内視鏡検査自体を看護師が行う事はありませんが、その看護師の一つ一つの行為により患者さんを安楽にも苦痛にも感じさせてしまうのが内視鏡室での看護です。

胃カメラや、大腸ファイバーを主とし、胃や十二指腸、腸管の病変を検査します。そして、そのまま病変部を切除し病理検査を行ったり、その時に治療として切除を行ったりもします。

検査部位や方法により、実施前や実施後に療養上の注意点など細かく決められた注意事項のある検査が内視鏡検査です。安全に、安楽に検査が終えられるよう看護師として大切な役割があります。

また、精密機械や機器を利用し、その疾患の特定や治療に関わる重要な検査や処置を含む内視鏡検査室での看護師に求められる知識や技術についてまとめてみます。

必要な看護技術・知識

内視鏡検査は、患者さんの苦痛や疲労を与えてしまう検査が多くあります。

また、患者指導や理解を深め実施しなければ、正しく検査が行えなかったり、検査を前に中止せざる終えなくなる事もあります。

看護師として、安全に検査が行える知識と、迅速に医師の介助が行える技術、その機器や器具の準備や片付け等を熟知する必要があります。

院内マニュアルの熟知と、その操作の徹底技術

内視鏡検査はその医療機関によってマニュアル化されていることが多くあります。

使用する機械・器具によっても操作方法が違ったり、誰が介助しても同じ看護や処置が出来るよう看護師の知識や技術を強く求められます。

安全に、安楽にそして、円滑に検査が終えられるよう、マニュアルを周知徹底されることが必要です。

胃カメラや大腸検査の際の注意事項の熟知

内視鏡検査を行う時、患者さんは前日の何時から絶飲食となったり、下剤を飲んだりして検査前の前処置が開始されます。

初めての患者さんは特に不安を強め、心配をしてるので、患者さんが正しく検査を受けられるよう、検査の注意点や方法を説明する知識が必要です。

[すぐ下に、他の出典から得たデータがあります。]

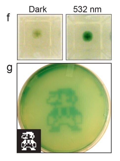Värskes töös töös leidis Voigt, et kaasaegsete meetoditega saab teha palju enamat. Seekord ehitas töörühm bakterite genoomi 18 geenist koosneva võrgustiku. Mikroobid suutsid hakata seepeale tajuma punast, rohelist ja sinist valgust. Samu värvitoone registreerib inimsilm. Valguse mõjul hakkasid bakterid tootma sama värvi pigmente ja helenduvaid valke.
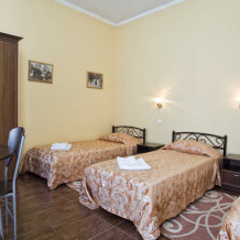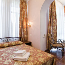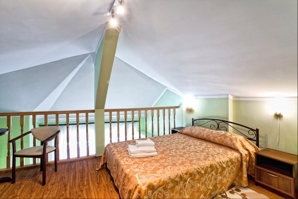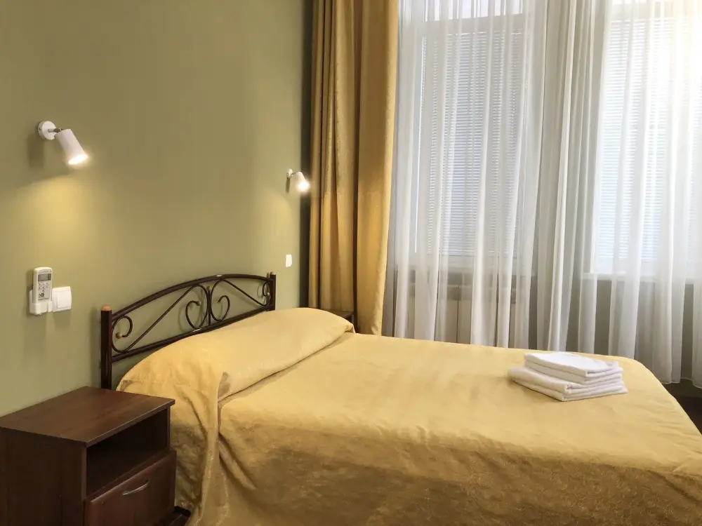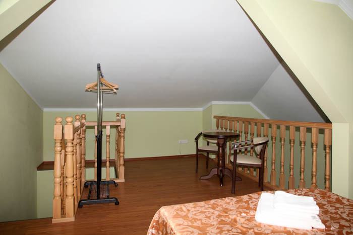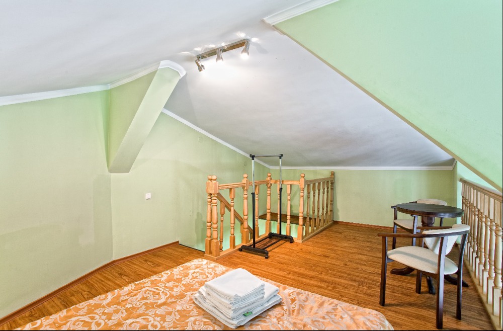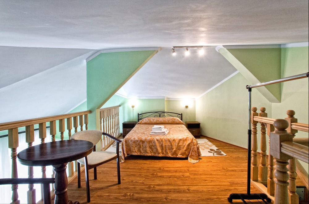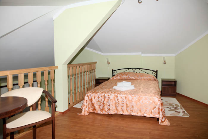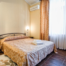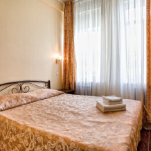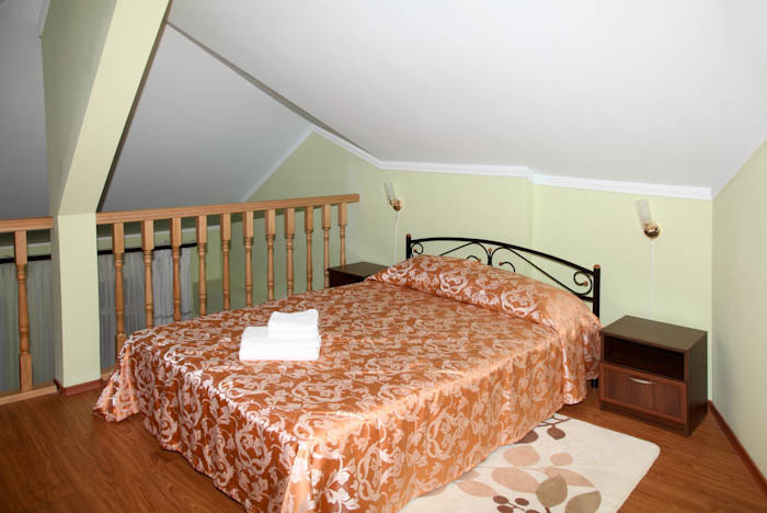 Кровати: 1 двуспальная кровать, раскладной диван. Возможно доп.место. Номер расчитан на проживание 4-ых гостей

また、パンフレットや説明マニュアル、同意書がある場合もありますが、その方の理解度や認知力、視覚や聴覚異常の有無などのその方の特徴に合う説明が求められます。適確に説明するためにも、看護師自身がその検査について充分な理解が必要です。

検査機器の準備と片付け方法の知識と技術

胃カメラや大腸検査を行う際には、多くの機材や物品を利用します。その検査には何が必要で、いつでも滞りなく検査が行えるような準備が必要です。

また、使用後の器具の洗浄や消毒法は、取り扱った部位た汚染の程度、患者さんの感染症の有無等により異なります。適切に管理が出来る知識と、技術を必要とします。

体位保持の介助

内視鏡検査は医師が行いますが、専用の台に乗り、医師の指示する体位を保つ必要があります。

痛みや苦痛により、その体位が保てないとなると、検査を円滑に行う事ができません。そのため、患者さんが体位保持し易いクッションやまくらを用い、苦痛のない体位の工夫を看護師が行います。

何を用いて支えれば患者さんが楽かどうかを考え、その選択による物品使用、体位保持技術を習得しておく必要があります。

検査を受ける患者さんへの配慮

検査を受ける患者さんは、検査に対する不安と、その結果に対する不安を抱えています。

内視鏡検査室では、まず、安全に安心して検査が受けられることが重要な看護となります。

検査に対する不安にフォーカスを当て、その不安や軽減できるよう話を行い、充分な説明と患者さんの納得を持って検査に迎えるよう支援します。施術前の精神的負担の軽減を図るコミュニケーション技術が必要です。

まとめ

内視鏡検査をこれまで受けたことが無い患者さんは、人からどんな検査か聞いたり、今ではインターネットなどで容易に検査等を検索し情報を周していることがあります。

その受けた人々の反響により、良いイメージを抱いていない場合があります。その為に、不安を強めていたり、検査に対してマイナスイメージを持っている事もあります。

検査を正しく安心して受けられるよう、看護師は、誠実にその方の思いの寄り添うケアを重要とします。

また、内視鏡検査では、人の血液や体液に触れることがあり、患者さんの状態や既往などにより感染症対策を講じなければならない事もあります。感染対策に対する認識と、自分自身を護る対処策を知っておく必要もあります。